Failed validating 'type' in schema['properties']['pcr']:
    {'description': 'Was PCR used on this sample',
     'name': 'PCR Used',
     'type': 'boolean'}

On instance['pcr']:
    'false'

The above exception was the direct cause of the following exception:

Traceback (most recent call last):
  File "<stdin>", line 1, in <module>
  File "/home/benj/projects/tskit/python/tskit/tables.py", line 409, in add_row
    metadata = self.metadata_schema.validate_and_encode_row(metadata)
  File "/home/benj/projects/tskit/python/tskit/metadata.py", line 183, in validate_and_encode_row
    raise exceptions.MetadataValidationError from ve
tskit.exceptions.MetadataValidationError

To set the top-level metadata, just assign it. Validation and encoding happen as specified by the top-level metadata schema (Note that provenance info should go in Provenance not metadata):

tables.metadata = {"mean_coverage": 200.5}

To modify a schema, for example to add a key; first get the dict representation, modify then write back:

schema_dict = tables.individuals.metadata_schema.schema
schema_dict["properties"]["newKey"] = {"type": "integer"}
tables.individuals.metadata_schema = tskit.MetadataSchema(schema_dict)

To modify the metadata of rows in tables use the Metadata for bulk table methods.

Viewing raw metadata

If you need to see the raw (i.e., bytes) metadata, you just need to remove the schema, for instance:

tables.individuals.add_row(metadata={'accession': 'abc123', 'newKey':25}})
tables.individuals[0].metadata
# {'accession': 'abc123', 'newKey': '25'}
tables.individuals.MetadataSchema = tskit.MetadataSchema(None)
tables.individuals[0].metadata
# b'abc123\x00\x00\x19'

Metadata for bulk table methods

In the interests of efficiency each table’s packset_metadata method, as well as the more general set_columns and append_columns do not attempt to validate or encode metadata.

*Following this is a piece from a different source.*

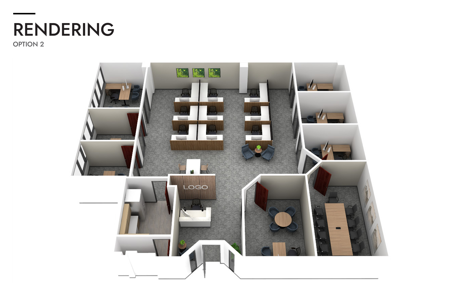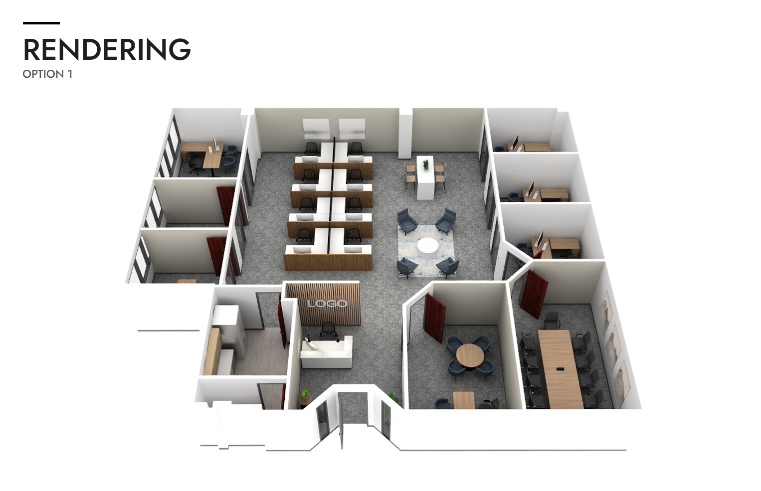 Dynamic suite with multiple executive offices, a conference room, storage, a break room/kitchen, and an open area for workstations. |

You can call MetadataSchema.validate_and_encode_row directly to prepare metadata for these methods:

metadata_column = [
    {"accession": "etho1234", "pcr": True},
    {"accession": "richard1235", "pcr": False},
    {"accession": "albert1236", "pcr": True},
]
encoded_metadata_column = [
    table.metadata_schema.validate_and_encode_row(r) for r in metadata_column
]
metadata, metadata_offset = tskit.pack_bytes(encoded_metadata_column)
table.set_columns(flags=[0, 0, 0], metadata=metadata, metadata_offset=metadata_offset)

Or if all columns do not need to be set:

table.packset_metadata(
    [table.metadata_schema.validate_and_encode_row(r) for r in metadata_column]
)

Binary metadata

To disable the validation and encoding of metadata and store raw bytes pass None to tskit.MetadataSchema

table.metadata_schema = tskit.MetadataSchema(None)
table.add_row(0, metadata=b"SOME CUSTOM BYTES #!@")
t[0].metadata
b'SOME CUSTOM BYTES #!@'

Calculating LD

The tskit API provides methods to efficiently calculate population genetics statistics. For example, the LdCalculator class allows us to compute pairwise linkage disequilibrium coefficients. Here we use the LdCalculator.r2_matrix() method to easily make an LD plot using matplotlib. (Thanks to the excellent scikit-allel for the basic plotting code used here.)

import msprime
import tskit
import matplotlib.pyplot as pyplot


def ld_matrix_example():
    ts = msprime.simulate(100, recombination_rate=10, mutation_rate=20, random_seed=1)
    ld_calc = tskit.LdCalculator(ts)
    A = ld_calc.r2_matrix()
    # Now plot this matrix.
    x = A.shape[0] / pyplot.rcParams["figure.dpi"]
    x = max(x, pyplot.rcParams["figure.figsize"][0])
    fig, ax = pyplot.subplots(figsize=(x, x))
    fig.tight_layout(pad=0)
    im = ax.imshow(A, interpolation="none", vmin=0, vmax=1, cmap="Blues")
    ax.set_xticks([])
    ax.set_yticks([])
    for s in "top", "bottom", "left", "right":
        ax.spines[s].set_visible(False)
    pyplot.gcf().colorbar(im, shrink=0.5, pad=0)
    pyplot.savefig("ld.svg")
An example LD matrix plot.

Working with threads

When performing large calculations it’s often useful to split the work over multiple processes or threads. The tskit API can be used without issues across multiple processes, and the Python multiprocessing module often provides a very effective way to work with many replicate simulations in parallel.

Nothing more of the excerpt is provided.